I have a temporal signal which looks like $f(t) = t\eta(t)$, where $\eta(t)$ is a white noise with the mean $\eta_m$ and STD $\sigma$. I want to calculate the corresponding spectrum, $F(\omega)$, take its magnitude, $|F(\omega)|$, and finally compute the STD of $|F(\omega)|$ in terms of the given parameters. I have searched some literatures but I couldn't find anything which helps me directly tackle the problem. So, anyone know how to do this, or know which resources you would refer me to?

The following pictures display $f(t)$ and $|F(\omega)|$.

The one below is the histogram of $|F(\omega)|$ excluding some values around the central peak.

I want to derive a mathematical analysis which can compute the standard deviation of the above histogram.

What do you mean by the standard deviation of the spectrum? Also: you can't calculate the spectrum of a random noise signal, only its power spectral density. You can, however, calculate the spectrum of a realization of the noise. Can you explain which you are trying to do? — MBaz, Dec 02 '15 at 19:32
I should say the STD of the PDF of $|F(\omega)|$. I definitely do not understand some terms you are saying because my background is not in signal processing. — nougako, Dec 02 '15 at 19:58
Feel free to ask new questions (or look around the site) regarding background questions. Back to the topic: there is no such thing as the spectrum of white noise. — MBaz, Dec 02 '15 at 20:02
So, what DSP guys call the DFT of a temporal white noise $n(t)$? — nougako, Dec 02 '15 at 20:12
Most likely, they're refering to either the power spectral density (and being imprecise) or the DFT of a realization of the noise (i.e. a stream of samples taken from an actual noise signal). — MBaz, Dec 02 '15 at 20:17
Ok I think power spectral density best describes what I have in mind. Back to my question, how I can calculate the STD of power spectral density? — nougako, Dec 02 '15 at 20:22
It doesn't have one -- the power spectral density is not probabilistic. — MBaz, Dec 02 '15 at 20:28
I did my calculation in MATLAB, generating the white noise with rand(1,n) with n the number of vector elements, taking its DFT, and plotting the histogram of $|F(\omega)|$. It is the width or STD of this histogram that I am interested in knowing. — nougako, Dec 02 '15 at 21:10
@MBaz, not to suggest that the OP knows what he/she is talking about, but you can compute statistics like mean or variance or any other moment of deterministic functions, too. they need not be probabilistic. — robert bristow-johnson, Dec 02 '15 at 21:19
" ...generating the white noise with rand(.)..." -- who told you that's white? ("white" without qualification?) — robert bristow-johnson, Dec 02 '15 at 21:20
@robertbristow-johnson, no one.
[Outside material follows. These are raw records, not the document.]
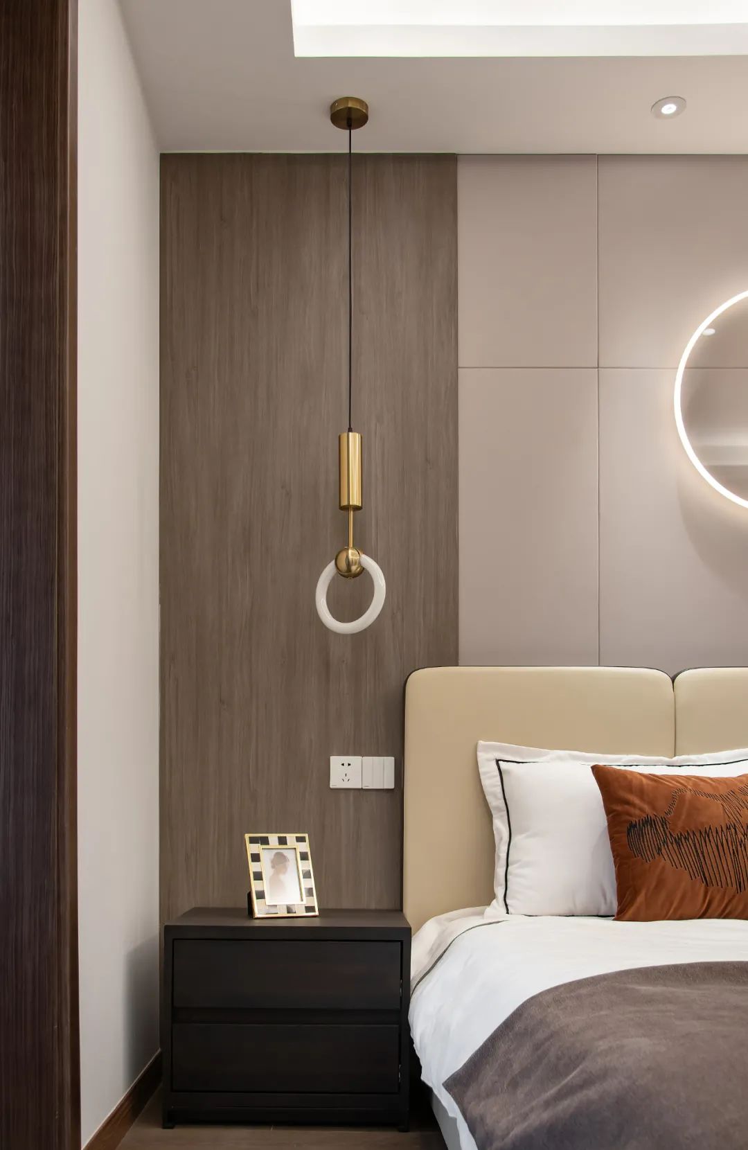 主臥用木紋、白、灰三色將整體空間串聯起來,保持全屋的統一基調;分色墻組合燈線,增添空間層次感的同時,又給了臥室獨有的小心機。
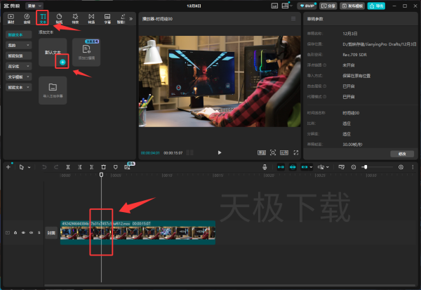 2.将指针定位到需要制作字幕的时间轴,点击上方的【文本】,点击【默认文本】右下角的【+】键。
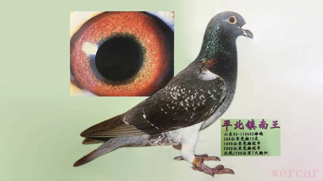 1998年2000公里放出后连续下雨,已经8岁高龄的此鸽又冒雨夺得了山东第四名,后因南、北齐飞,此鸽又被命名为“平北镇南王”。这种不死必归的性格,使它的子孙在各个级别的比赛中都有好的发挥,它也成为一代名鸽。
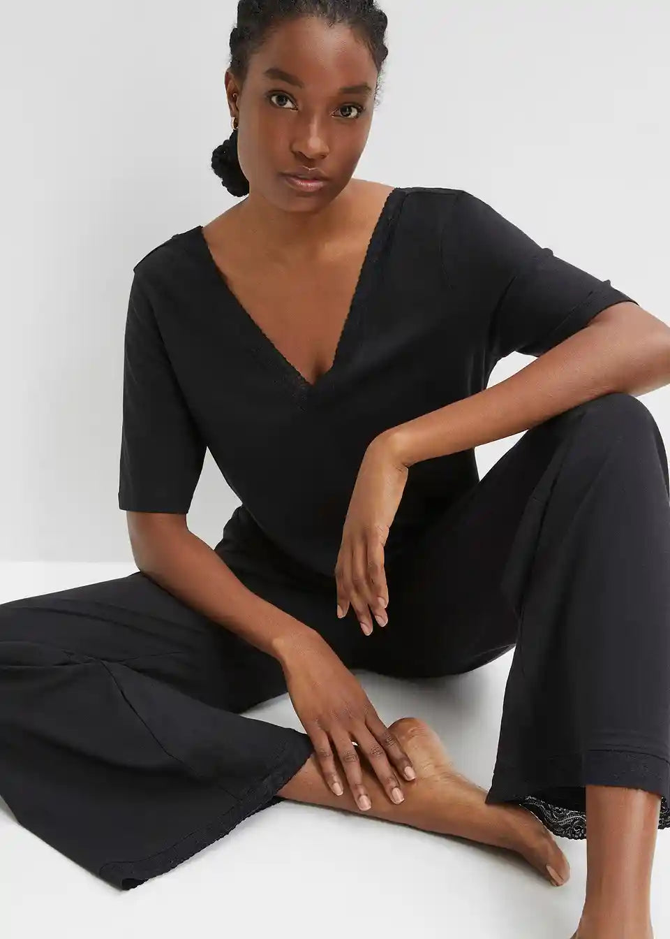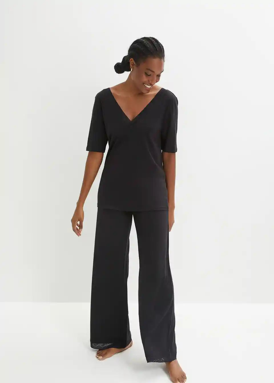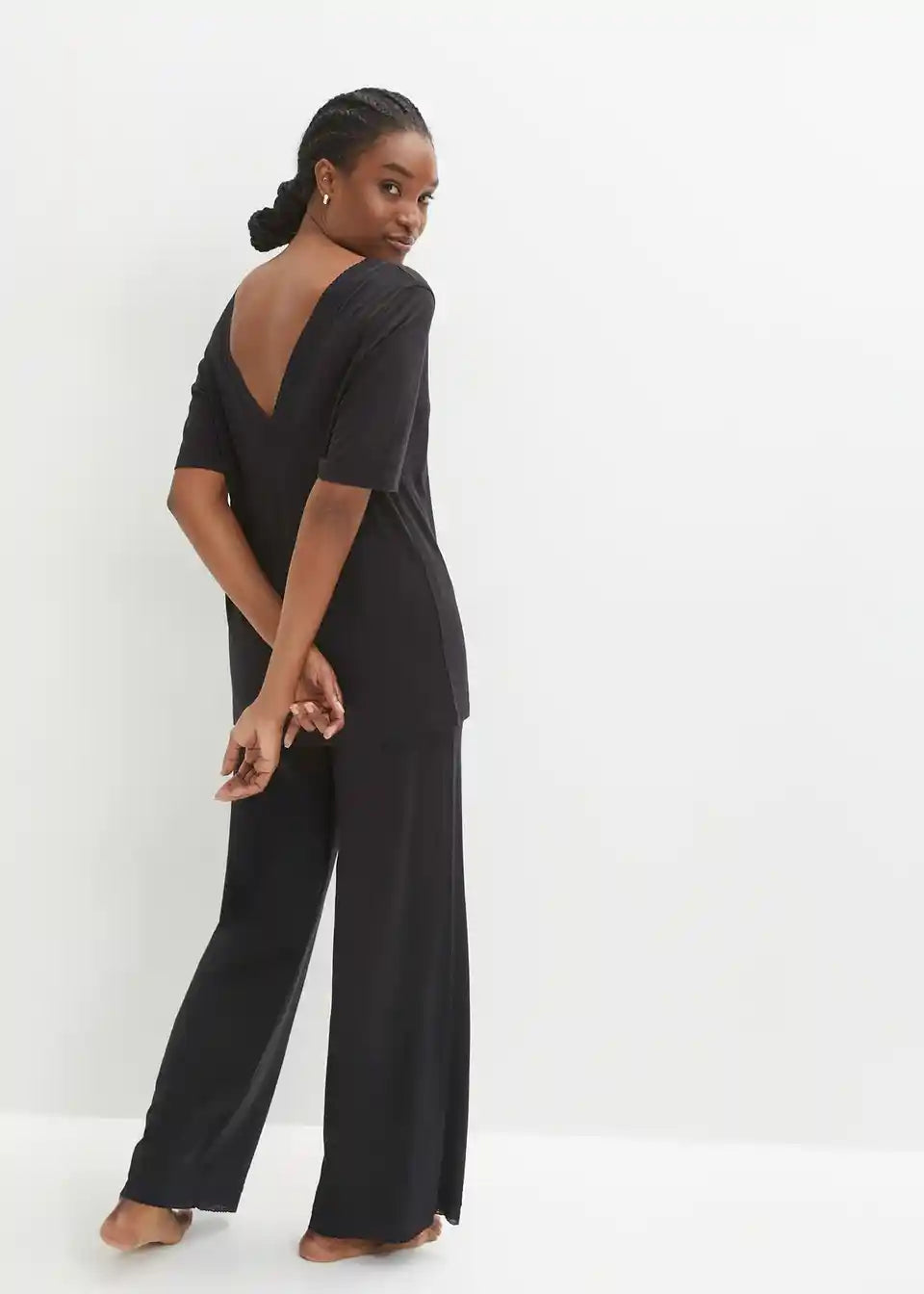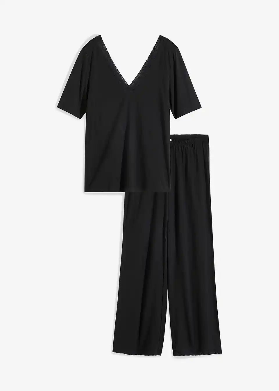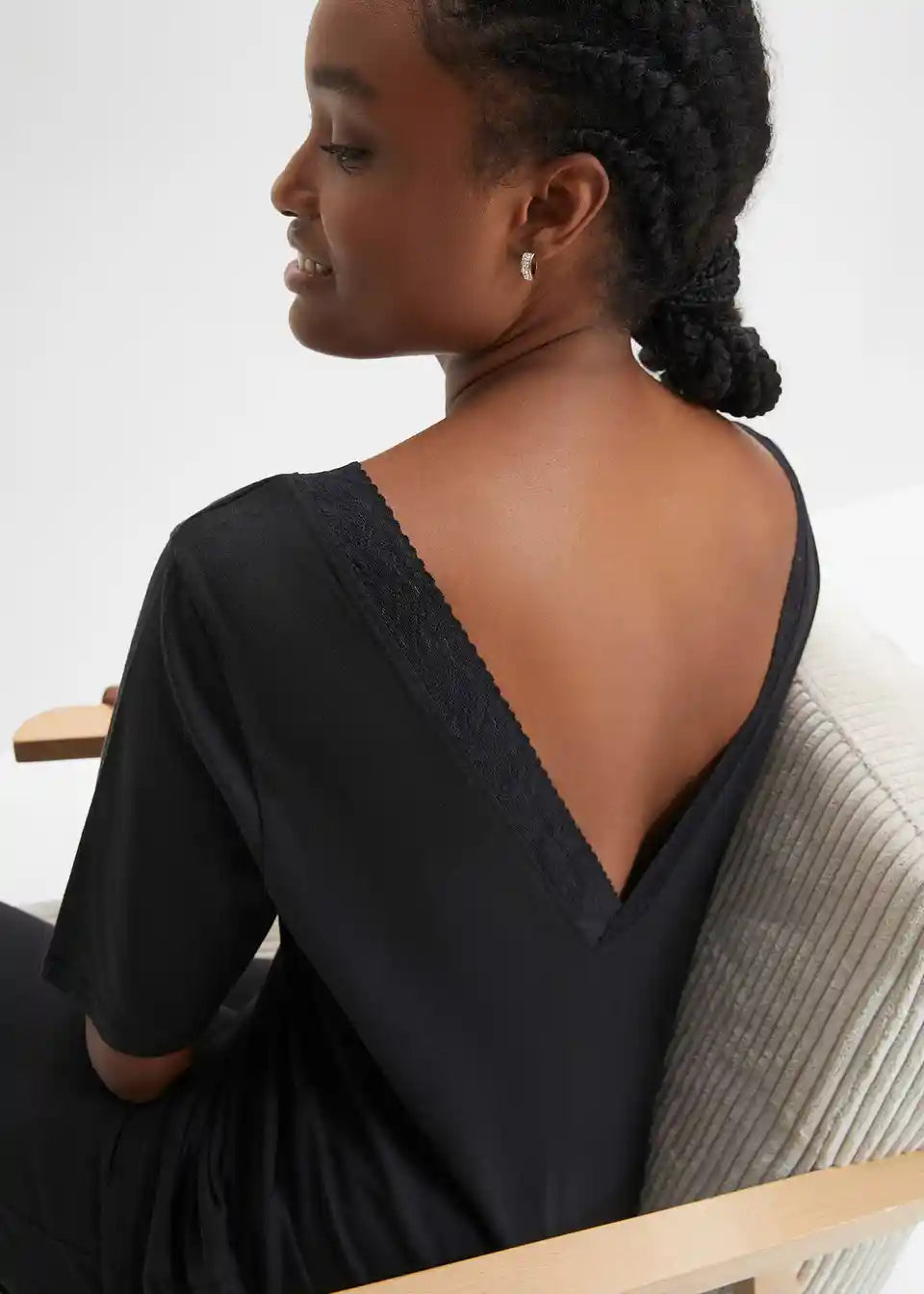 Eleganten domači komplet iz padajoče viskoze s čipko

I simply imitate what I found upon google searching of white noise. Anyway, it is a randomly distributed noise, sorry if I used the wrong wording. I have updated my question to include some pictures. — nougako, Dec 02 '15 at 21:24
Your plot of $f(t)$ does not show that $f(t) = t\eta(t)$. From the plot, it looks more like $f(t) = t\eta(t) + 10 t$. You seem confused about what you're really asking. Take some time to think it through. robert and MBaz are trying to point you in the right direction, but you appear to have some misconceptions (or naivete) about how stochastic processes work. — Peter K., Dec 02 '15 at 21:27
@PeterK., you mean this http://dsp.stackexchange.com/questions/27432/fourier-transform-of-certain-noisy-function? I thought you only requested for my codes that time. Actually this time my question is not so related to the previous one although it involves the same object. This time I want to calculate a STD.
It is $t\eta(t)$ with $\eta(t)$ a randomly distributed noise of non-zero mean. — nougako, Dec 02 '15 at 21:28
@nougako I answered your question. There is a bug in your posted code. Did you have a follow up there? And what does STD stand for? I always think of "sexually transmitted disease" when I see that acronym. Do you mean the standard deviation / variance? BTW: If you check my question, you can click on the words "related question" to take you to the question I mean.... — Peter K., Dec 02 '15 at 21:30
You posted one answer right, it contains your own MATLAB code and the generated pictures. With the pictures above, I hope I have made my intention clear to everyone. — nougako, Dec 02 '15 at 21:32
nougako, not trying to pick on you, but you should be more careful differentiating between the notions of continuous-time signals (normally depicted "$x(t)$") and discrete-time signals (normally depicted "$x[n]$"). your problem statement show a lot of integrals and other continuous-time mathematical expressions, but once you're in MATLAB, you're discrete-time. — robert bristow-johnson, Dec 02 '15 at 21:35
Sorry for the long delay. So, actually what I wanted to do is similar to what @PeterK. demonstrated in http://dsp.stackexchange.com/questions/8418/what-is-the-phase-and-magnitude-response-of-white-noise as the answer. Only that, instead of $E[(\textrm{Re}N[k])^2]$, I wanted to find $E[|N[k]|^2]$. But now I think it will give more information to calculate the variance of the real and imaginary parts and I have performed the calculation which was a lot easier than what I originally wanted to do. — nougako, Dec 06 '15 at 19:24

score 2 · Answer 1 · answered Dec 02 '15 at 19:18

2

true white noise has infinite power (because the power spectrum with height $ \frac{\eta}{2}$ has infinite area) which means infinite variance $\sigma^2$ which means infinite standard deviation. white noise is a conceptual instrument.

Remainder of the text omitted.